THE RECORDS:
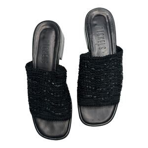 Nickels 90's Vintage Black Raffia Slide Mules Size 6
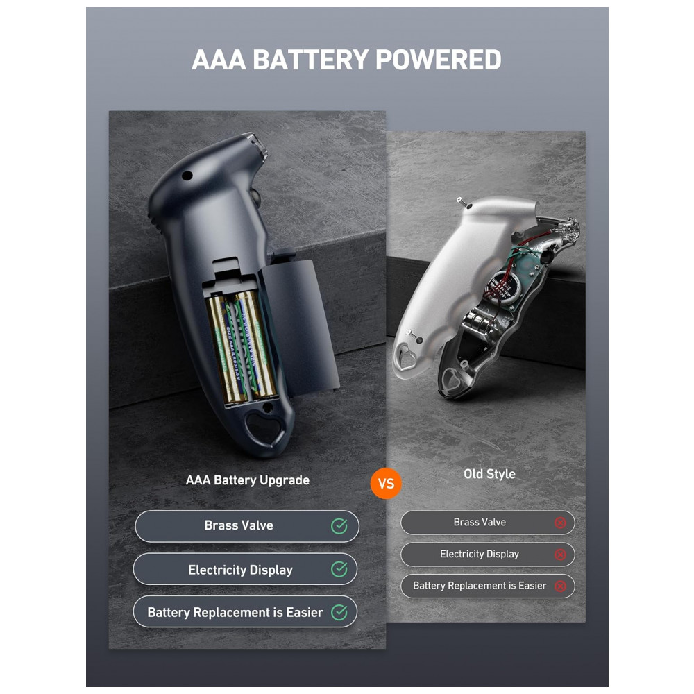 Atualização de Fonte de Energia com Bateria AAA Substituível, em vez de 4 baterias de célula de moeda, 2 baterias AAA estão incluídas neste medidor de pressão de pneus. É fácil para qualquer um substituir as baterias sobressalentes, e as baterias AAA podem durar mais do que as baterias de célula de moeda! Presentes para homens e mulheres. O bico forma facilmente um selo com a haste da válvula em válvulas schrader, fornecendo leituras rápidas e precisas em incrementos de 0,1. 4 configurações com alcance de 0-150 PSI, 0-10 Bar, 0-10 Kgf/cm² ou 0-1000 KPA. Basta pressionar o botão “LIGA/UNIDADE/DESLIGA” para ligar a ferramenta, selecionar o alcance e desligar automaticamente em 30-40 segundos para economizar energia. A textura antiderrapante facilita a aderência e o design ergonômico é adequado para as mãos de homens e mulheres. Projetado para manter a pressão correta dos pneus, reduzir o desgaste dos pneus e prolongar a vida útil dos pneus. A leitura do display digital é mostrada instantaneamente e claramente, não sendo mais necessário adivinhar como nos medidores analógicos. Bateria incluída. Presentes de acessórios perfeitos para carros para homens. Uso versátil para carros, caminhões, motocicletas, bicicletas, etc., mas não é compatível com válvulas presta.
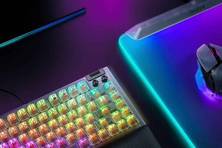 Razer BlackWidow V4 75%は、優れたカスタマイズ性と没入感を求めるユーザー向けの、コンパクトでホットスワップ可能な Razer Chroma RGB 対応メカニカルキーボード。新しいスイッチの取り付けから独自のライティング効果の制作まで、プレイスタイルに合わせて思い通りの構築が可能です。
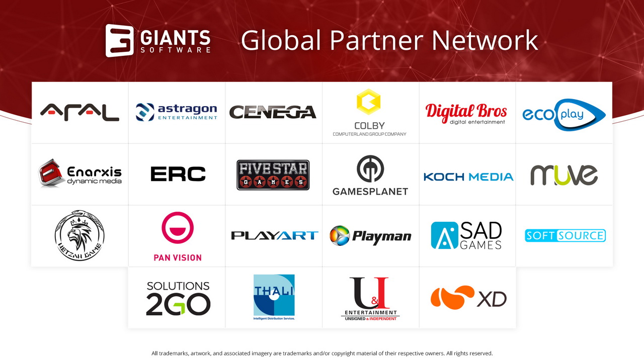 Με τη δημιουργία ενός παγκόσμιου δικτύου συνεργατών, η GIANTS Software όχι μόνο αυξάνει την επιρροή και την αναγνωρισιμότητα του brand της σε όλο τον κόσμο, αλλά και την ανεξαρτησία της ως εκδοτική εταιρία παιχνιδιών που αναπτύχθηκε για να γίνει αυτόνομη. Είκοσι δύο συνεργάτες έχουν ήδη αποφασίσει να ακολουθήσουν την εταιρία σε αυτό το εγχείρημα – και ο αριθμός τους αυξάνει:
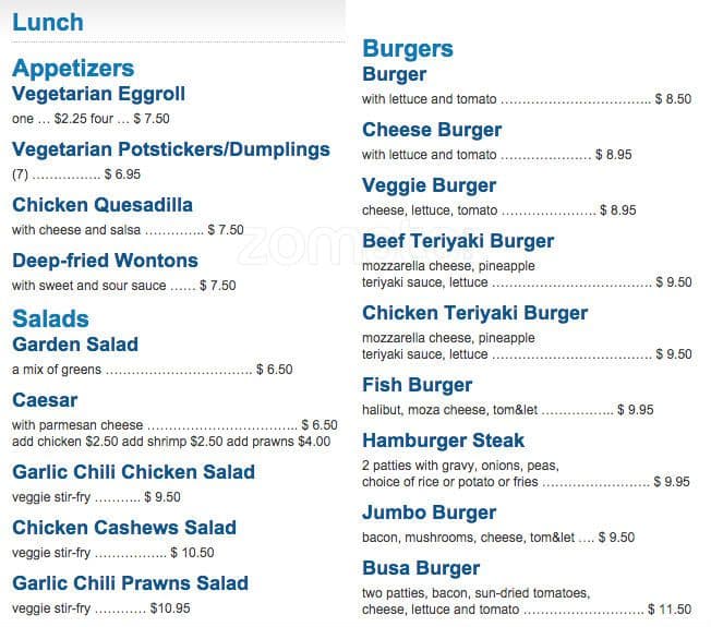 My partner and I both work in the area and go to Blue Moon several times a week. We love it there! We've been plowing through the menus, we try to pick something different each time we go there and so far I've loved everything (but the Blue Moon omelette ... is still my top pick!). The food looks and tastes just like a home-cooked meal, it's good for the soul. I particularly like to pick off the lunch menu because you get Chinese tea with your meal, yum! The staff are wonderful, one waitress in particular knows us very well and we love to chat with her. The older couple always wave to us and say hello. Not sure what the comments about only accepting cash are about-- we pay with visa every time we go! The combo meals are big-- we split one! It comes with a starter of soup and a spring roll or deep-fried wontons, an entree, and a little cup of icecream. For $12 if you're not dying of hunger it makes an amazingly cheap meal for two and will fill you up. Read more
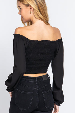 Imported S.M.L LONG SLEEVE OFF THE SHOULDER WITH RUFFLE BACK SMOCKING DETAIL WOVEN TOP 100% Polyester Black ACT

WORK ITEM: Nothing but the lines from the first line of the listing above to the line containing "Razer BlackWidow V4" should appear in the answer, each one exact and with no pictures.

TASK OUTPUT:
 Nickels 90's Vintage Black Raffia Slide Mules Size 6
 Atualização de Fonte de Energia com Bateria AAA Substituível, em vez de 4 baterias de célula de moeda, 2 baterias AAA estão incluídas neste medidor de pressão de pneus. É fácil para qualquer um substituir as baterias sobressalentes, e as baterias AAA podem durar mais do que as baterias de célula de moeda! Presentes para homens e mulheres. O bico forma facilmente um selo com a haste da válvula em válvulas schrader, fornecendo leituras rápidas e precisas em incrementos de 0,1. 4 configurações com alcance de 0-150 PSI, 0-10 Bar, 0-10 Kgf/cm² ou 0-1000 KPA. Basta pressionar o botão “LIGA/UNIDADE/DESLIGA” para ligar a ferramenta, selecionar o alcance e desligar automaticamente em 30-40 segundos para economizar energia. A textura antiderrapante facilita a aderência e o design ergonômico é adequado para as mãos de homens e mulheres. Projetado para manter a pressão correta dos pneus, reduzir o desgaste dos pneus e prolongar a vida útil dos pneus. A leitura do display digital é mostrada instantaneamente e claramente, não sendo mais necessário adivinhar como nos medidores analógicos. Bateria incluída. Presentes de acessórios perfeitos para carros para homens. Uso versátil para carros, caminhões, motocicletas, bicicletas, etc., mas não é compatível com válvulas presta.
 Razer BlackWidow V4 75%は、優れたカスタマイズ性と没入感を求めるユーザー向けの、コンパクトでホットスワップ可能な Razer Chroma RGB 対応メカニカルキーボード。新しいスイッチの取り付けから独自のライティング効果の制作まで、プレイスタイルに合わせて思い通りの構築が可能です。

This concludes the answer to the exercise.